- Digital and "Oneiric 환상" version cover

EP by Iz*One
- Released: June 15, 2020
- Recorded: May 2020
- Genre: K-pop; pop; dancehall; disco;
- Length: 24:00
- Language: Korean; Japanese;
- Label: Off the Record; Swing Entertainment;
- Producer: MosPick; Real-fantasy; Bull$EyE; Jung Ho-hyun; KZ; HoneySweet; Psycho Rabbit;

Iz*One chronology
| Bloom*Iz (2020) | Oneiric Diary (2020) | Twelve (2020) |

Singles from Oneiric Diary
- "Secret Story of the Swan" Released: June 15, 2020;

= Oneiric Diary =

Oneiric Diary is the third extended play by South Korean–Japanese girl group Iz*One.
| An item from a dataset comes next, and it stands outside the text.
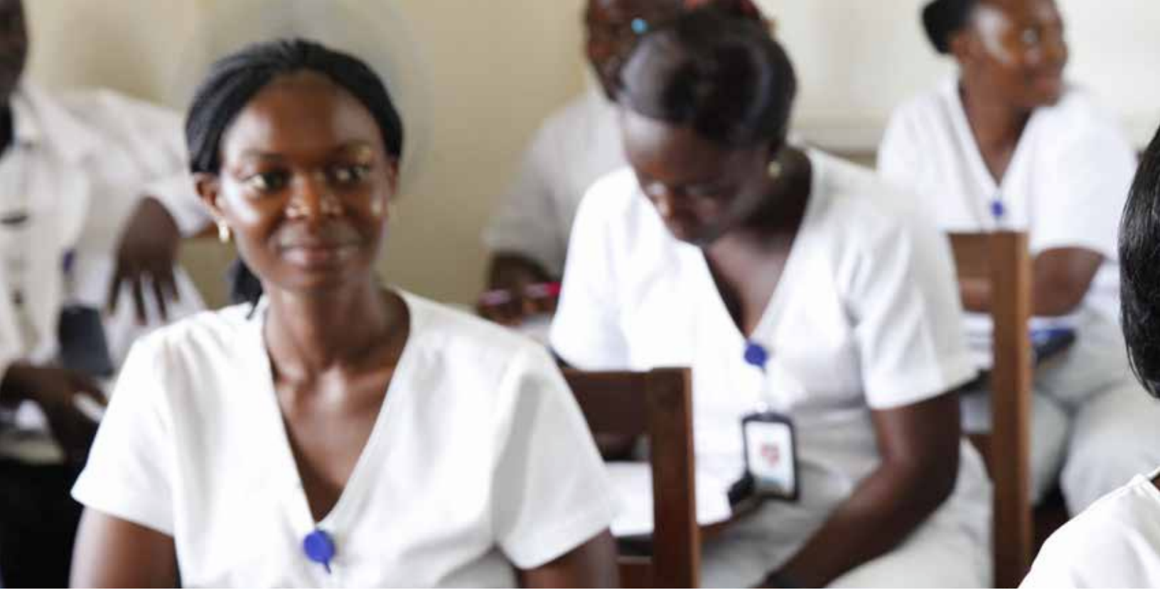
Nurses listen during a training program to learn more about child and adolescent mental health in Monrovia, Liberia.

It was released on June 15, 2020, by Off the Record Entertainment. The album is available in three versions: Diary, Oneiric and 3D, and consists of eight tracks including the lead single, "Secret Story of the Swan".

==Background==
On May 12, it was announced that they would be having a summer comeback and would be releasing the 3rd season of their reality show Iz*One Chu. On May 19, it was confirmed that the group would release their third mini-album Oneiric Diary on June 15. On June 15, the company announced that the music video release will be postponed to June 16, while the performance video and album will be released on the original schedule given. The group held the comeback showcase for their album on Mnet's second channel M2.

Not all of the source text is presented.